▶ _What to do_
Go to the line with "樂(lè)泰膠螺紋鎖固劑263,LOCTITE263螺紋鎖固劑" in the material below and copy from there through the line with "A printed woven", exactly. Pictures are not copied.

▶ _Exercise data_

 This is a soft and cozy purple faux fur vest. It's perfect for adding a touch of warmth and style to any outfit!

---

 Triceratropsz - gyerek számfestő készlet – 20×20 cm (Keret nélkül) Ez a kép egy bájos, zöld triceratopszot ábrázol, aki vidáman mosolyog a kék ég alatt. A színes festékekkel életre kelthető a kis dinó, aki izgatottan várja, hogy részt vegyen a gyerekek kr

* * *

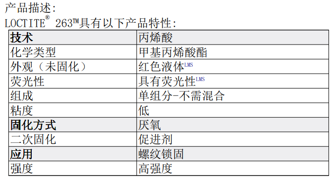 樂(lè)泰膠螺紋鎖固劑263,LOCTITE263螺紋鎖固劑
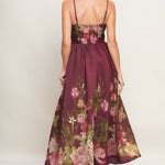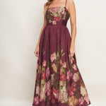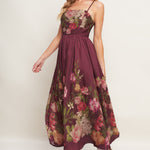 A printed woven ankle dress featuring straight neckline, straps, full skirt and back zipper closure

▶ _Your response_
 樂(lè)泰膠螺紋鎖固劑263,LOCTITE263螺紋鎖固劑
 A printed woven ankle dress featuring straight neckline, straps, full skirt and back zipper closure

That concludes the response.